AP is calculated across a set of IoU thresholds for each class k and then take the average of all AP values.
\({AP}_{k}\) is the AP of class and n the number of classes.
-
Training/validation loss box
The training and validation loss is usually used to diagnose the model’s performance and identify which aspects need tuning. Training and validation Loss Box measure the difference between the predicted bounding box coordinates and the ground truth bounding box coordinates. Common loss functions include mean squared error and smooth L1.
4.3 Results and performance analysis
Figure 4 shows an example of potato plant leaf infected by late blight disease. Figures (a) and (b) shows the original images. Figure (c) and (d) shows the corresponding super-resolved images (Upscaled image by factor × 4).
A zoomed-in patches of the original image and super-resolved one are displayed in Fig. 4. The PSNR and SSIM value are mentioned at the bottom of figure (c). From the obtained results, we can see that the EDSR architecture allow a good preservation of high frequency details and achieve a high SSIM and PSNR values.
Table 2 summarizes the obtained automatic detection results. Each model was run for 50 epochs. Performance assessment of the proposed method is performed by comparing mAP, Precision and Recall of the six trained models:
-
Train and validate Faster-RCNN on SD and SRD
-
Train and validate Detr on SD and SRD
-
Train and validate Yolo V8 on SD and SRD
From Table 2, it can be observed that training detection models on super-resolved dataset (SRD) improve the detection results. In fact, Faster-RCNN SRD, Detr SRD and Yolo V8 SRD achieve high mAP at 0.5 IoU threshold compared to Faster-RCNN ND, Detr SD and Yolo V8 SD. Yolo V8 SRD model outperform all the other trained models in term of mAP, precision and Recall.
The performance of the proposed methods is also performed by analyzing the training and validation process for the six models, represented by mAP 50–95 validation curves (Fig. 5) and by Training/Validation Loss Box curves (Fig. 6).

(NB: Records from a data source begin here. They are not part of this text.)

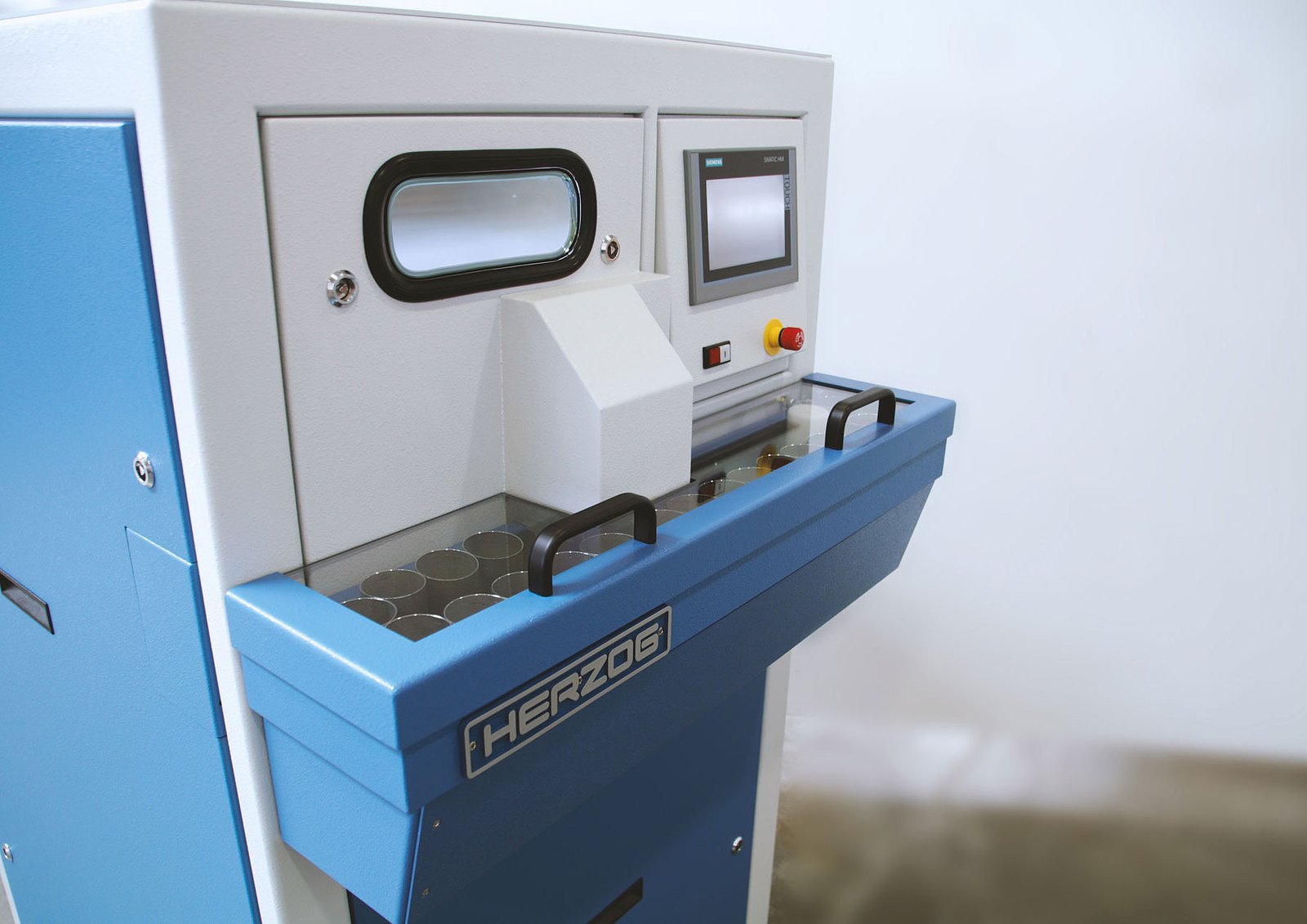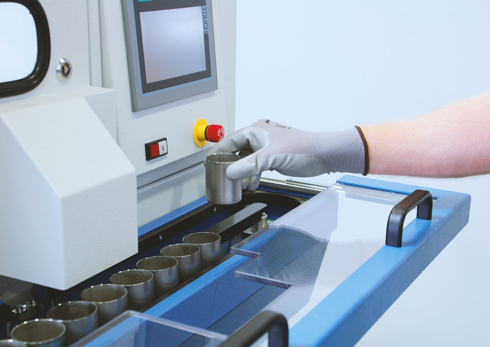 The sample material is fed into the machine using stainless steel cups. This can be done automatically, manually or via an input magazine. The cup is emptied automatically after the machine is started. The process cycle then starts with the preselected machine parameters, such as crushing time and cleaning time.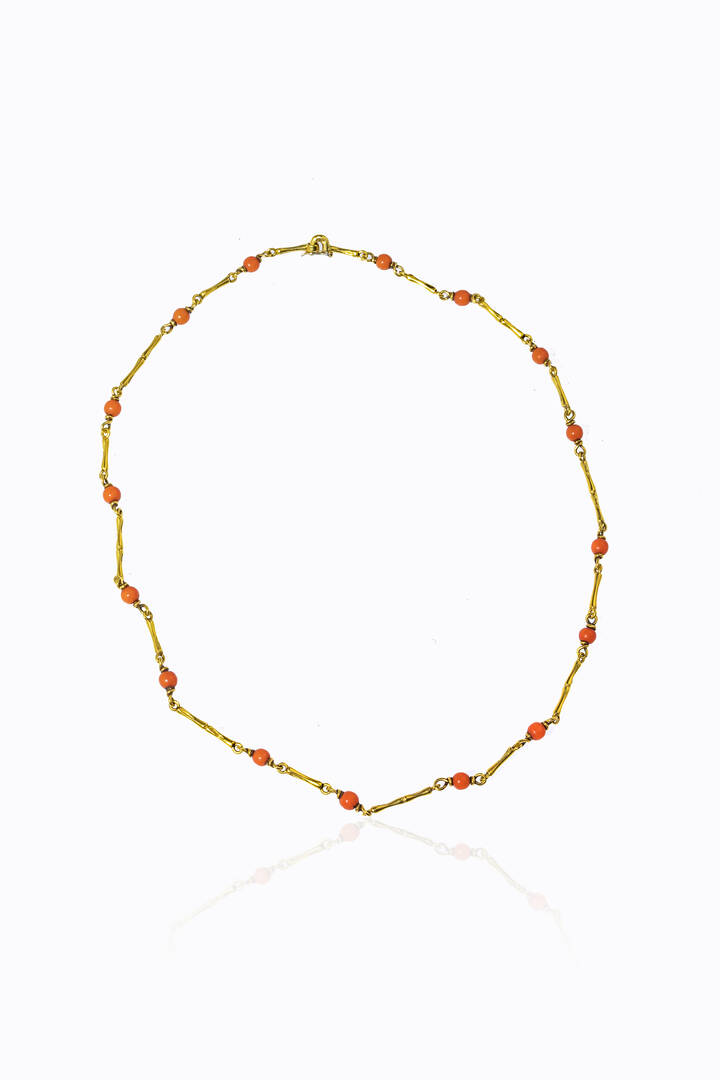 composto da segmenti rigidi in oro giallo alternati a sfere in corallo rosso mediterraneo del diam. di mm 4,3 ca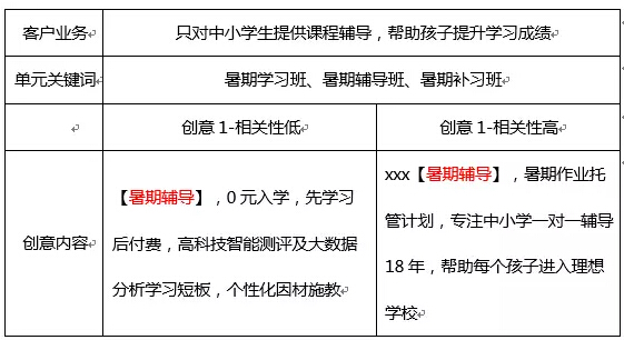 关键词二:相关 “好”创意一定要与网民的需求强相关! 例如,做暑期托管班的客户,如只宣传辅导班的优势,未提示只针对“中小学生”人群,这样会带来大量误点击(如创意1)。若注明“专注中小学一对一辅导18年”,可有效排除大学生,研究生上海医药广告有限公司等群体(如创意2)。

For Faster- RCNN SD, after the last epoch, the mAP (50–95) is 0.58 but this is not the mAP for the best epoch. The model achieves the best mAP after epoch 32 where the mAP is 0.6. We observe that best mAP(50–95) for the other models are not achieved at last epoch. Indeed, the mAP (50–95) for Faster RCNN SRD is 0.63 at epoch 35, 0.6 for Detr SD at epoch 27, 0.62 for Detr SRD at epoch 29, 0.71 for Yolo V8 at epoch 32 and finally 0.76 for Yolo V8 at epoch 30. The best mAP (50–95) is achived by Yolo V8 SRD model. The models trained and validated on SRD achieve better mAP(50–95) overall.
Figure 6 shows training / validation Loss Box, they are visualized together on a graph for the six models.
All the models perform good localization of the object (in our case detecting late blight disease on potato plant leaf). In fact, the training loss box and validation loss box both decrease, converge to a low value and stabilize at a specific point. However, the lower value of Training/Validation Loss Box is attempted by Yolo V8 models: 0.055 for training on SD dataset, 0.047 for validation on SD dataset, 0.045 for training on SRD dataset and 0.031 for validation on SRD dataset. The training results can be further optimized using more powerful hardware, that allow using larger batch sizes and improve convergence (Fig. 6).
Figure 7(a)…(f) display detection results (localization of late blight lesions on potato leaf according with their corresponding confidence) using the six trained models on infected leaf image taken from test set. Figure 6(a)-(b) show detection results using Fast-R-CNN-SD and Fast-R-CNN-SRD. Figure 7(c)-(d) show detection results using Detr-SD and Detr-SRD. Figure 7(e)-(f) show detection results using Yolo V8-SD and Yolo V8-SRD. By comparing the obtained results, we can see that training models on super-resolve dataset enhance detection. In fact, five late blight lesions were detected using Yolo V8-SRD compared to Yolo V8-SD which detect four lesions. Yolo V8- SRD detect a very small lesion with high confidence (0.95). In addition, four late blight lesions were detected using Fast-R-CNN-SRD and Detr-SRD compared to Fast-R-CNN- SD and Detr-SRD which detect only three lesions.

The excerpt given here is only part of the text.